- **EXTRACTED MATERIAL**:
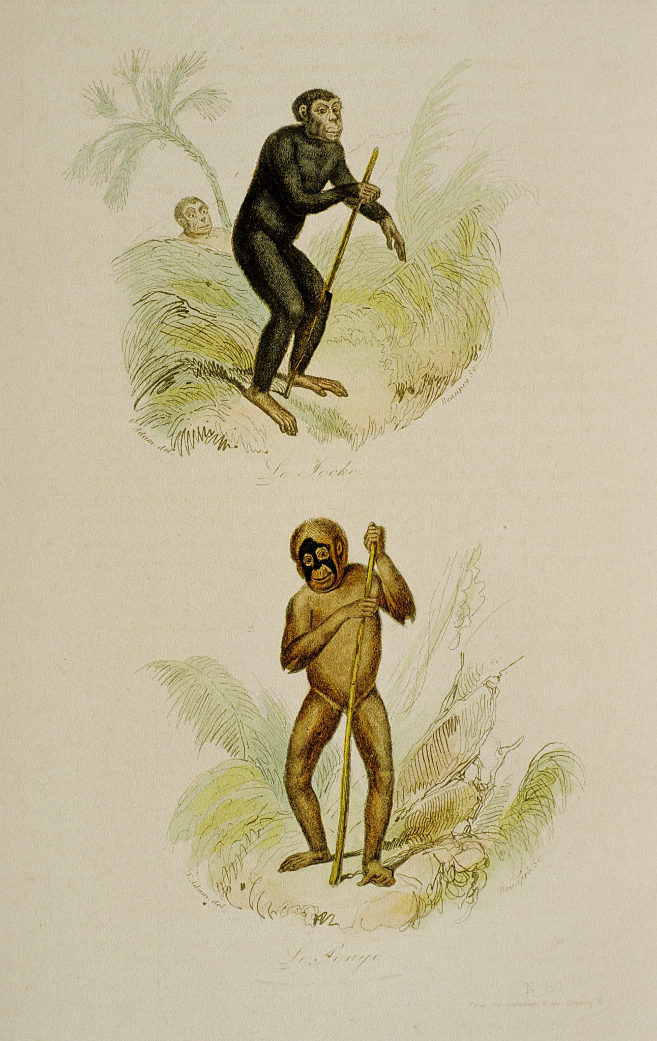 L’exposition retrace également l’histoire des connaissances sur les grands singes. Au XVIIe siècle, avec les colonies, les Européens voient arriver les premiers chimpanzés et orangs-outans d’Afrique et d’Asie. Les singes deviennent des bêtes de cirque ou font l’objet d’expérimentations scientifiques cruelles.
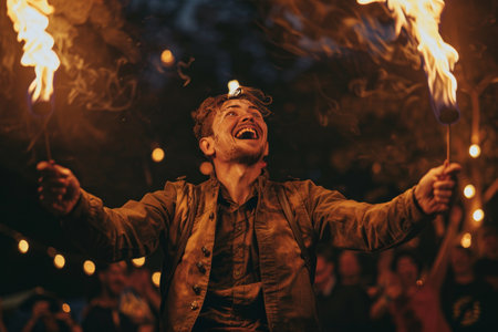 A juggler skillfully tossing and catching flaming torches with a big grin captivating spectators with daring feats
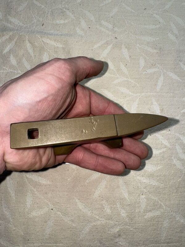 4.5" by 2.5" shows signs of use. Nicks, scratches etc. See photos sold as is
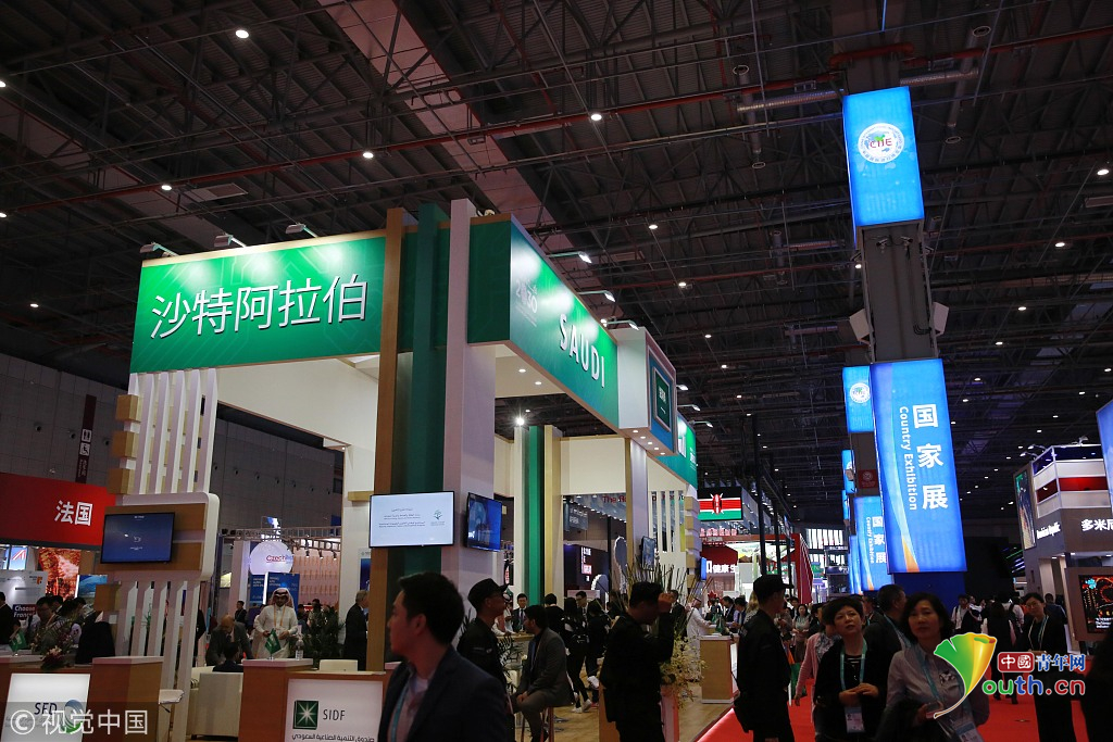 2018年11月6日,上海,首屆中國國際進(jìn)口博覽會國家展上,共有82個國家、3個國際組織設(shè)立了71個展臺。沙特阿拉伯館。視覺中國
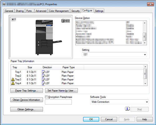 Geben Sie auf der Registerkarte [Konfiguration] anhand des Druckertreibers die auf diesem System installierten Zubehörkomponenten, die den einzelnen Papierfächern zugewiesenen Papiertypen sowie andere Informationen an. Sie können automatisch Informationen dieses Systems abrufen, um Einstellungen einzurichten und manuell zu registrieren.
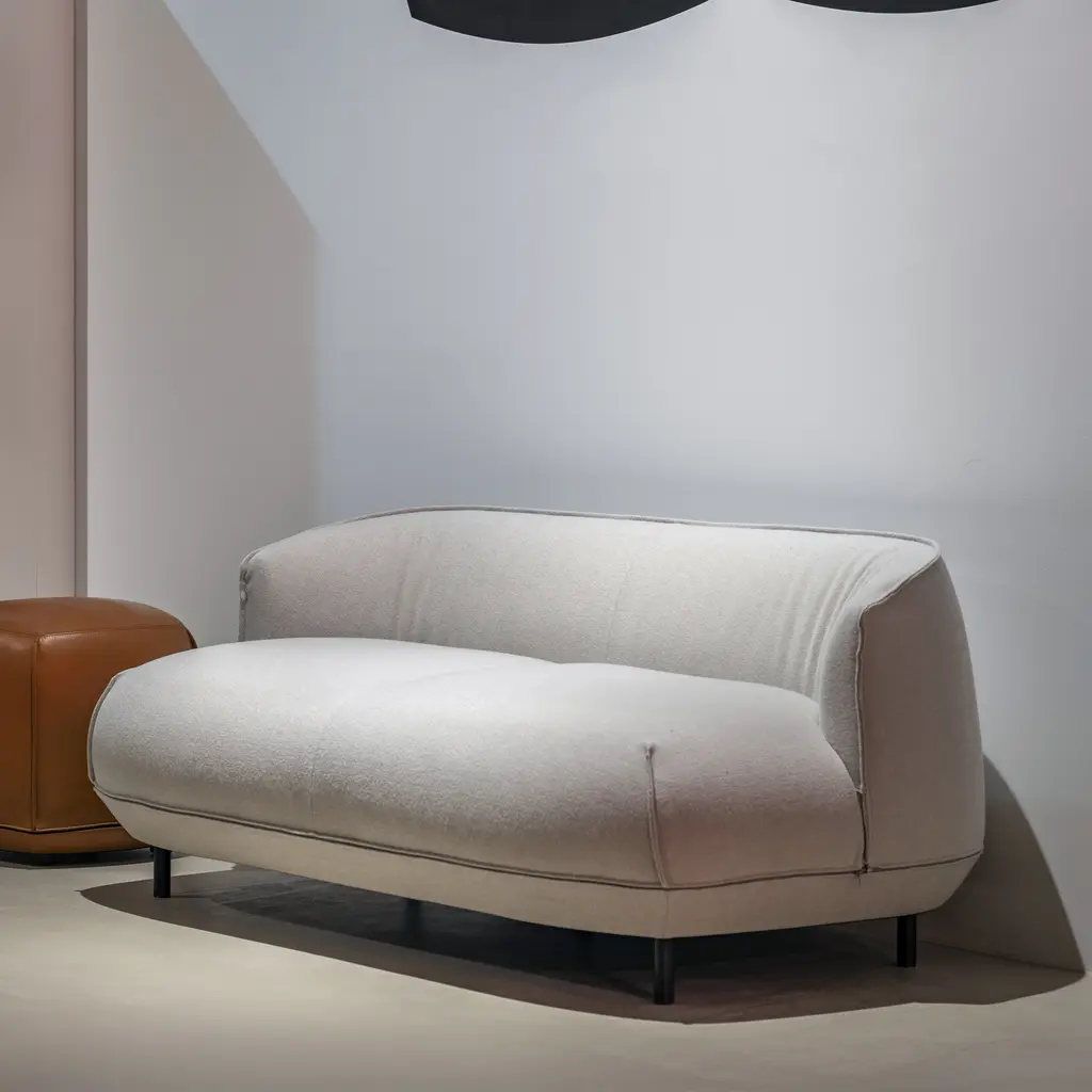 Inspired by the archipelago in the Adriatic Sea of the same name, Brioni is a collection of seats comprising lounge armchairs, daybeds and poufs with a soft and full appearance. Initially designed for outdoor use, the six items in the Brioni collection have been redesigned by LucidiPevere for use in homes: the entire surface of the seat is now covered in fabric or leather, without the dark lower band that prevented contact with the ground. It has a zip, an aesthetic and functional detail, like the previous version, as well as soft polyester padding with plastic slats. Light and easy to move, the poufs are perfect when positioned next to the sofa, whereas the armchairs and daybeds are comfortable and versatile seats that invite you to relax.

- **WHAT IS EXPECTED**: Give back each entry exactly as it appears, with no pictures.

- **ANSWER TO THIS TASK**:
 L’exposition retrace également l’histoire des connaissances sur les grands singes. Au XVIIe siècle, avec les colonies, les Européens voient arriver les premiers chimpanzés et orangs-outans d’Afrique et d’Asie. Les singes deviennent des bêtes de cirque ou font l’objet d’expérimentations scientifiques cruelles.
 A juggler skillfully tossing and catching flaming torches with a big grin captivating spectators with daring feats
 4.5" by 2.5" shows signs of use. Nicks, scratches etc. See photos sold as is
 2018年11月6日,上海,首屆中國國際進(jìn)口博覽會國家展上,共有82個國家、3個國際組織設(shè)立了71個展臺。沙特阿拉伯館。視覺中國
 Geben Sie auf der Registerkarte [Konfiguration] anhand des Druckertreibers die auf diesem System installierten Zubehörkomponenten, die den einzelnen Papierfächern zugewiesenen Papiertypen sowie andere Informationen an. Sie können automatisch Informationen dieses Systems abrufen, um Einstellungen einzurichten und manuell zu registrieren.
 Inspired by the archipelago in the Adriatic Sea of the same name, Brioni is a collection of seats comprising lounge armchairs, daybeds and poufs with a soft and full appearance. Initially designed for outdoor use, the six items in the Brioni collection have been redesigned by LucidiPevere for use in homes: the entire surface of the seat is now covered in fabric or leather, without the dark lower band that prevented contact with the ground. It has a zip, an aesthetic and functional detail, like the previous version, as well as soft polyester padding with plastic slats. Light and easy to move, the poufs are perfect when positioned next to the sofa, whereas the armchairs and daybeds are comfortable and versatile seats that invite you to relax.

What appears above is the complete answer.